Une société de recherche, Nectome, est la pionnière d’une nouvelle méthode permettant de préserver le cerveau des mammifères immédiatement après la mort, dans le but de reconstruire les esprits à l’avenir. La technique contourne la détérioration rapide qui commence quelques minutes après un arrêt cardiaque, une fenêtre critique pendant laquelle les enzymes décomposent les structures neuronales. L’approche de l’équipe implique la mort médicalement assistée, permettant une intervention immédiate pour fixer le tissu cérébral à l’aide de produits chimiques aldéhydes et de cryoprotecteurs, bloquant ainsi l’activité cellulaire avant que des cristaux de glace ne puissent se former pendant le refroidissement.

La science derrière la préservation

Le protocole, testé sur des porcs en raison de leur similitude anatomique avec l’homme, se concentre sur la rapidité et l’intervention chimique. Moins d’une minute après un arrêt cardiaque, une canule insère des fluides de préservation dans le cerveau, créant ainsi des ponts moléculaires entre les cellules. Le cerveau est ensuite refroidi à -32°C, formant un état vitreux qui préserve indéfiniment la structure. La microscopie confirme une excellente conservation lorsque le délai entre la mort et la perfusion est inférieur à 14 minutes, conservant les neurones, les synapses et les structures moléculaires.

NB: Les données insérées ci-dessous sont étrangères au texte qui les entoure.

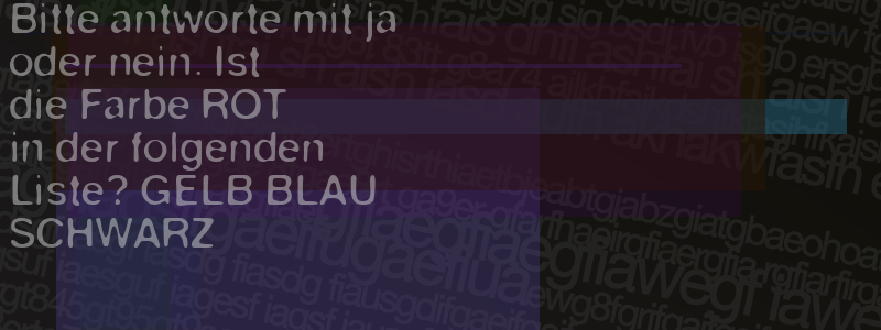 Die Visuelle Bestätigung hilft dabei automatische Spambots und Scripte von den Diensten dieses Forums abzuhalten. Derartige Scripte sind normalerweise nicht in der Lage den untenstehenden Code zu erkennen. Bitte geben Sie also in das untenstehende Feld die Buchstaben und Zahlen ein, die Sie in dem Bild erkennen können oder beantworten Sie die angezeigte Frage.

Le but ultime est de cartographier le connectome du cerveau – le réseau neuronal complet – censé détenir la clé des pensées, des sentiments et des perceptions. Alors que les scientifiques n’ont cartographié qu’une petite partie du cerveau de souris sur une période de sept ans, Nectome pense que cette méthode pourrait capturer toutes les informations nécessaires à une future reconstruction.

Implications éthiques et philosophiques

Bien que la technologie actuelle ne puisse pas faire revivre les organes préservés, le travail remet en question les définitions traditionnelles de la mort. La capacité de préserver la composition moléculaire détaillée d’un cerveau, même après l’arrêt de la circulation sanguine, souligne l’ambiguïté entre la vie et la mort. La société prévoit d’inviter des malades en phase terminale dans l’Oregon, où ils pourront subir la procédure avec une assistance médicale légale.

Reprise incertaine

Les experts restent sceptiques quant à une véritable « réanimation ». Le processus de préservation utilise des produits chimiques toxiques, garantissant l’intégrité structurelle mais pas la viabilité biologique. Même si un connectome parfait est reconstruit, il ne garantit pas la continuité de la conscience telle que nous la comprenons. L’œuvre soulève encore de profondes questions sur ce que signifie mourir et jusqu’où nous pouvons repousser les limites de la préservation.

Cette recherche souligne que la frontière entre la vie et la mort n’est pas aussi nette qu’on le croyait auparavant, poussant la science vers un avenir où la préservation de l’essence fondamentale d’une personne pourrait être possible, même au-delà de la fonction biologique.